Sydney's 18th Biennale has finished. This year it was at four venues: Cockatoo Island in Sydney Harbour, the Museum of Contemporary Art, the NSW Art Gallery, and Pier 2/3 at Walsh Bay. Children's Book Week has kept me on the hop but I did manage to see almost all the Biennale artworks.
With over 100 artists represented from forty countries there was a lot to enjoy but of course not everything was for everyone. Okay so not everything was for me. Do bricks and leaves on a floor, or cloth hanging in a vast room, or some decrepit furniture on a platform qualify as works of art? I'm not hard to please. I just want works of art to make me feel something---other than exasperation---or works that make me think. It's also important that works of art pass the I-could-do-that test.
I'm afraid that these rocks scattered around a room didn't pass the I-could-do-that test. At first I didn't think that it was one of the entries but then I noticed the sign on the floor that said "Please do not touch the artwork".
How about this midden of oyster shells and tea cups? If you knew that it was the work of young Aboriginal artist, Jonathan Jones, who wanted us to think about the oyster middens of pre-European contact days with today's detritus---sort of a meeting of the middens---would that make a difference? Interesting but is it art?
How about a collection of tents in a vast warehouse. Inside the tents are television sets showing images of people in Cairo talking. This is Susan Hefuna's "Celebrate Life: I love Egypt." There is a lengthy explanation of the artist's intentions and a statement about the tents having been made in Cairo.
How about Fujiko Nakaya's fog sculpture, "Cloud"? The kids seemed to love running in and out of it. Are real clouds themselves or only artificial ones?
One of the problems for me was the written explanations of the artwork. One artist used "irony to create empathy" another "employs everyday objects and materials, de-constructing them to reveal their underlying codes". Another artist "overturns the relations between the work and its space". The artistic directors said that "the artworks gathered here engage with new models of reciprocity". New models of reciprocity?

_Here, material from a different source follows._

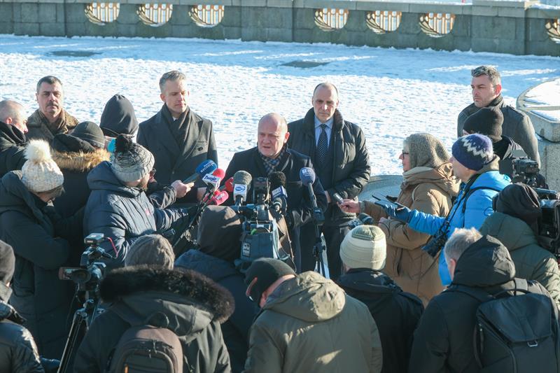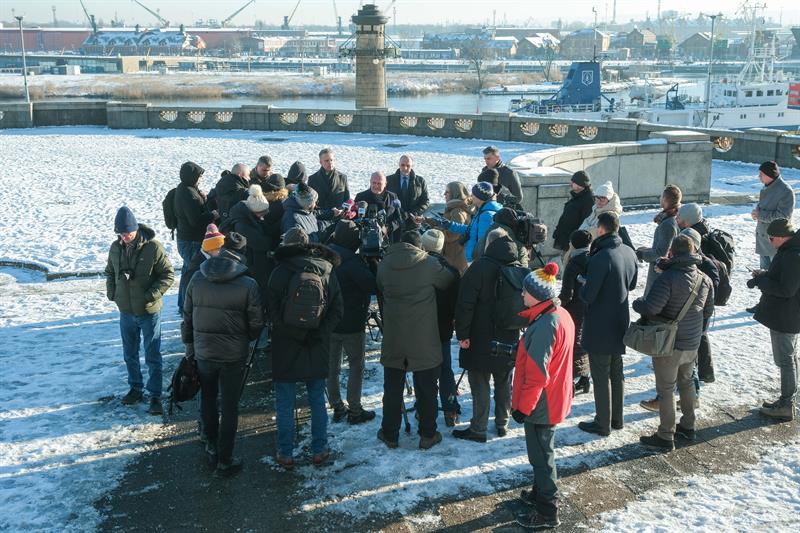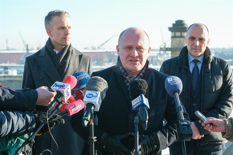 Briefing prasowy prezydenta Szczecina Piotra Krzystka, wojewody Adama Rudawskiego oraz wiceministra Arkadiusza Marchewki przykuł uwagę wielu dziennikarzy. Fot. Fot. Dariusz Gorajski

I gave up reading the explanatory material.
Things began to pick up for me with Canadian Artist, Cal Lane's "Domesticated Turf", a sculpted shipping container made to look like some kind of European gingerbread house. Clever and a lot of work sawing out all those bits of steel to liberate the cottage within. I was impressed.
And I loved New Zealand artist, Peter Robinson's, huge Styrofoam chains draped over some of the old rusting ship-building machinery. I didn't read the description of this installation but the internet tells me that Robinson "pursues multiple formal trajectories in his use of polystyrene, as if with its associations of disposability the possibility exists for any number of sculptural experiments to be tested, cast aside, reworked, reconsidered". Better to just look at it and enjoy it, I say.
For me the most impressive work at Cockatoo Island were Maria Fernanda Cardoso's Museum of Copulatory Organs, reproductions of reproductive organs. These much magnified---thanks to electron microscopy---models of male and female insect genitalia were not only wonderfully realised but quite beautiful simply as sculpture. Does an accurate reproduction from nature qualify as art? I think so. Certainly photos or paintings from nature can be art. Here science and art overlap.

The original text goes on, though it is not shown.